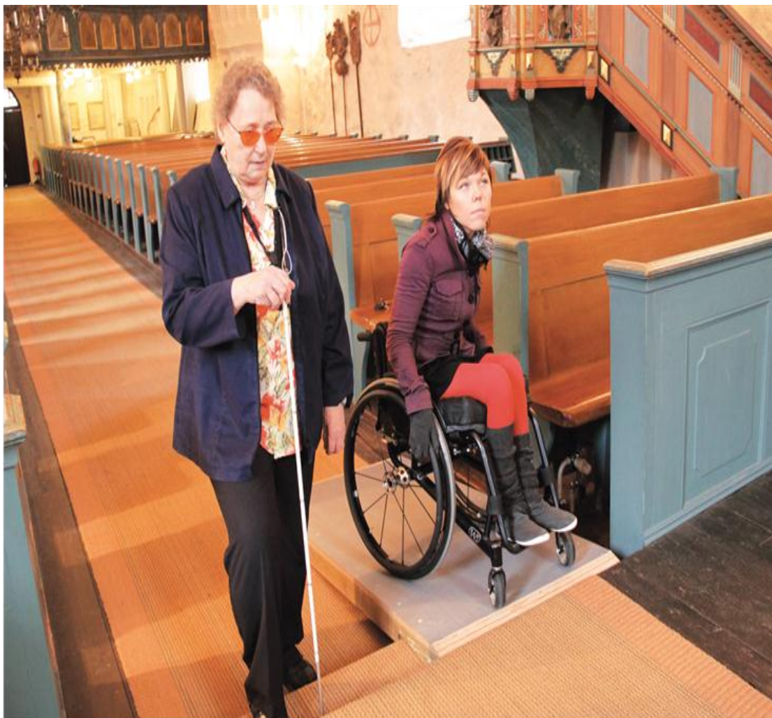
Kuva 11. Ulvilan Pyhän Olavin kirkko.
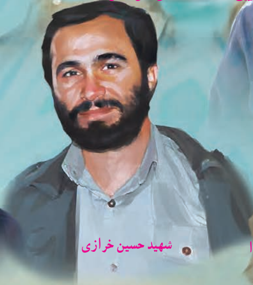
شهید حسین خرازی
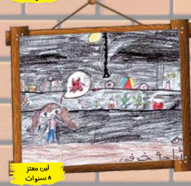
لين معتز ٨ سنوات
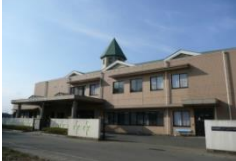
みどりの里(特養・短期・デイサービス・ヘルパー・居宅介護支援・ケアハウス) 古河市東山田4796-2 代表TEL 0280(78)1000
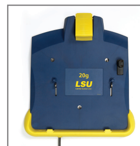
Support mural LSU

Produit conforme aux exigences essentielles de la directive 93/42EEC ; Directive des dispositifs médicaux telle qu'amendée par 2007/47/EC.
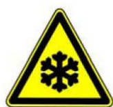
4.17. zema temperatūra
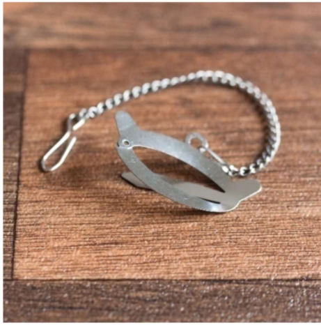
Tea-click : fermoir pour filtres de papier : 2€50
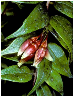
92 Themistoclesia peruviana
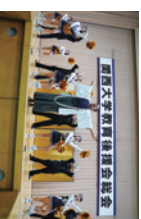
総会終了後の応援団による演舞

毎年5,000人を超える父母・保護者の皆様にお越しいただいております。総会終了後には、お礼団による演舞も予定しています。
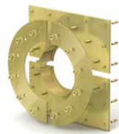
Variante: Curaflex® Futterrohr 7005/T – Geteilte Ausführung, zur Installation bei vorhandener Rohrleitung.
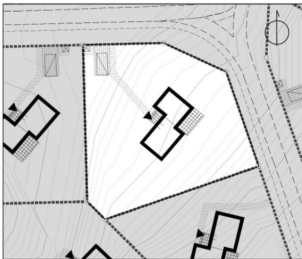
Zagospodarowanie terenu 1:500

★ ★ ★ ★ ★

--- Your objective ---
Could you print all of the entries exactly, skipping the images?

--- Exercise answer ---
Kuva 11. Ulvilan Pyhän Olavin kirkko.
شهید حسین خرازی
لين معتز ٨ سنوات
みどりの里(特養・短期・デイサービス・ヘルパー・居宅介護支援・ケアハウス) 古河市東山田4796-2 代表TEL 0280(78)1000
Support mural LSU

Produit conforme aux exigences essentielles de la directive 93/42EEC ; Directive des dispositifs médicaux telle qu'amendée par 2007/47/EC.
4.17. zema temperatūra
Tea-click : fermoir pour filtres de papier : 2€50
92 Themistoclesia peruviana
総会終了後の応援団による演舞

毎年5,000人を超える父母・保護者の皆様にお越しいただいております。総会終了後には、お礼団による演舞も予定しています。
Variante: Curaflex® Futterrohr 7005/T – Geteilte Ausführung, zur Installation bei vorhandener Rohrleitung.
Zagospodarowanie terenu 1:500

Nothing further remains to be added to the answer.